Inference Template
======================

Below is a template in which you should place your model inference code.

All the outputs from this train script are saved in :code:`params["output_dir"]`.

- Predictions on test data: raw model predictions using the trained model on test data. The predictions are saved in :code:`test_y_data_predicted.csv`.

- Prediction performance scores on test data: calculated using the raw model predictions and the true values for performance metrics specified by :code:`metric_type`. The scores are saved as json in :code:`test_scores.json`.

The file should be named :code:`mymodel_infer_improve.py` where 'mymodel' is the name of your model.

.. code-block:: python

    import sys
    from pathlib import Path
    from typing import Dict

    import pandas as pd

    # [Req] IMPROVE imports
    from improvelib.applications.drug_response_prediction.config import DRPInferConfig
    from improvelib.utils import str2bool
    import improvelib.utils as frm
    from model_params_def import infer_params

    # Model-specific imports, as needed

    filepath = Path(__file__).resolve().parent # [Req]


    # [Req]
    def run(params):
        """ Run model inference.

        Args:
            params (dict): dict of IMPROVE parameters and parsed values.

        Returns:
            dict: prediction performance scores computed on test data according
                to the metrics_list.
        """
        # --------------------------------------------------------------------
        # [Req] Create data names for test set and build model path
        # --------------------------------------------------------------------
        test_data_fname = frm.build_ml_data_file_name(data_format=params["data_format"], stage="test")
        modelpath = frm.build_model_path(
            model_file_name=params["model_file_name"], 
            model_file_format=params["model_file_format"], 
            model_dir=params["output_dir"])
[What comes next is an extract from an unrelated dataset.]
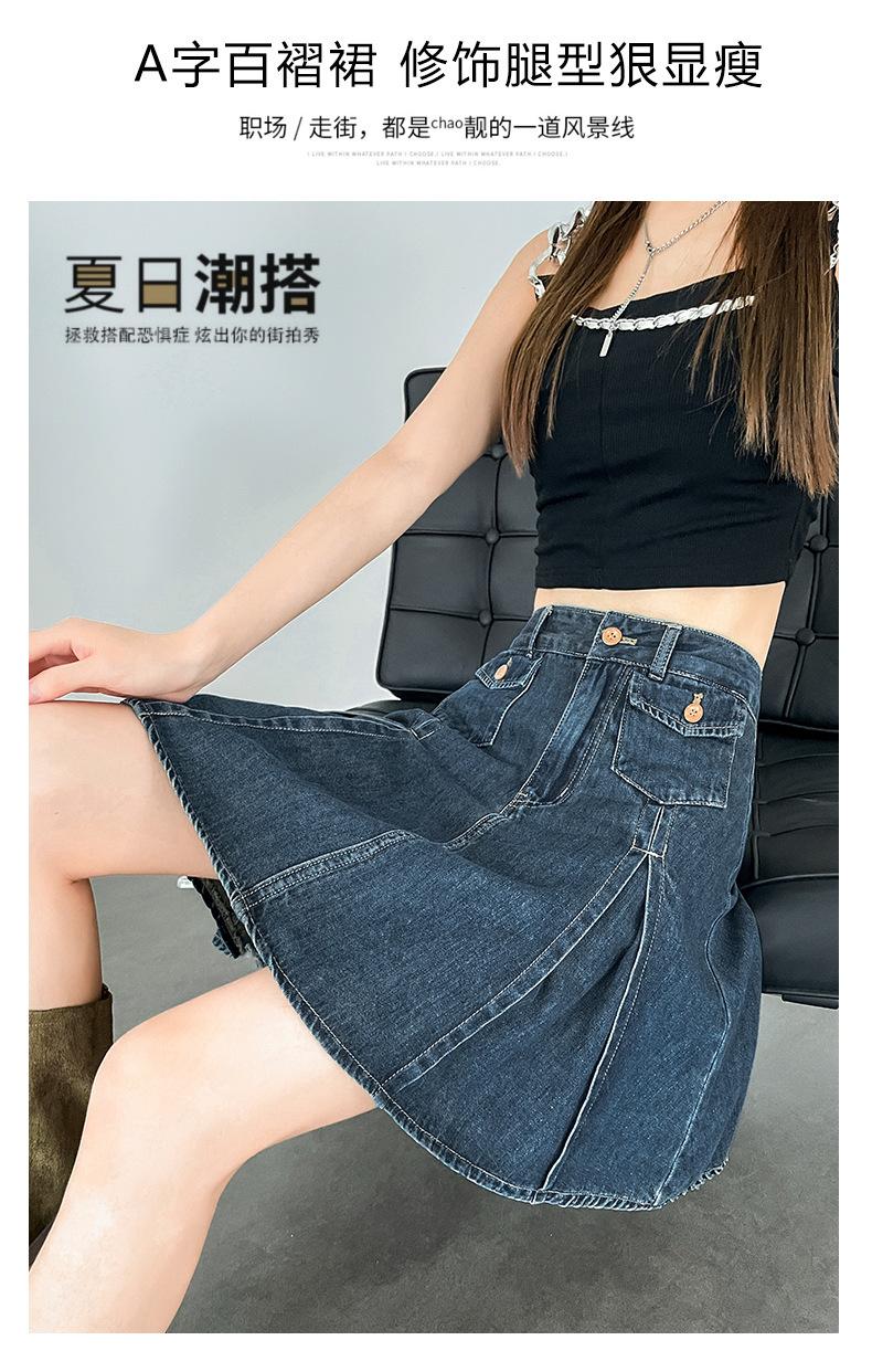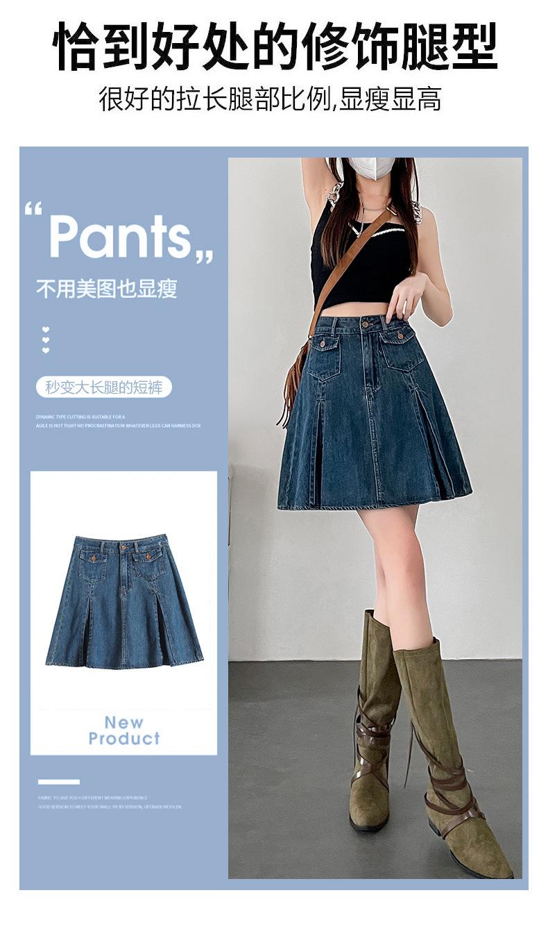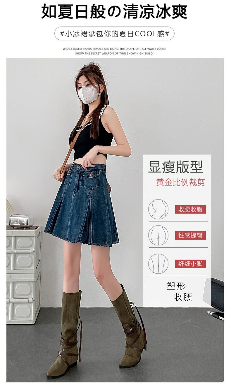 Compra Falda plisada de mezclilla vintage para mujer Verano 2024 Nueva Cintura alta Cubre caderas Adelgazante Antidesgarro Ligera Línea A Falda corta Pantalones al por mayor en Joom.pro

        # --------------------------------------------------------------------
        # Load inference data (ML data)
        # --------------------------------------------------------------------

        # --------------------------------------------------------------------
        # CUDA/CPU device, as needed
        # --------------------------------------------------------------------

        # --------------------------------------------------------------------
        # Load best model and compute predictions
        # --------------------------------------------------------------------

        # ------------------------------------------------------
        # [Req] Save raw predictions in dataframe
        # ------------------------------------------------------
        frm.store_predictions_df(
            y_true=your_test_true, 
            y_pred=your_test_predicted, 
            stage="test",
            y_col_name=params["y_col_name"],
            output_dir=params["output_dir"],
            input_dir=params["input_data_dir"]
        )

        # ------------------------------------------------------
        # [Req] Compute performance scores
        # ------------------------------------------------------
        if params["calc_infer_scores"]:
            test_scores = frm.compute_performance_scores(
                y_true=your_test_true, 
                y_pred=your_test_predicted, 
                stage="test",
                metric_type=params["metric_type"],
                output_dir=params["output_dir"]
            )

        return True


    # [Req]
    def main(args):
        cfg = DRPInferConfig()
        params = cfg.initialize_parameters(
            pathToModelDir=filepath,
            default_config="MODEL_params.txt",
            additional_definitions=infer_params,
        )
        status = run(params)
        print("\nFinished model inference.")


    # [Req]
    if __name__ == "__main__":
        main(sys.argv[1:])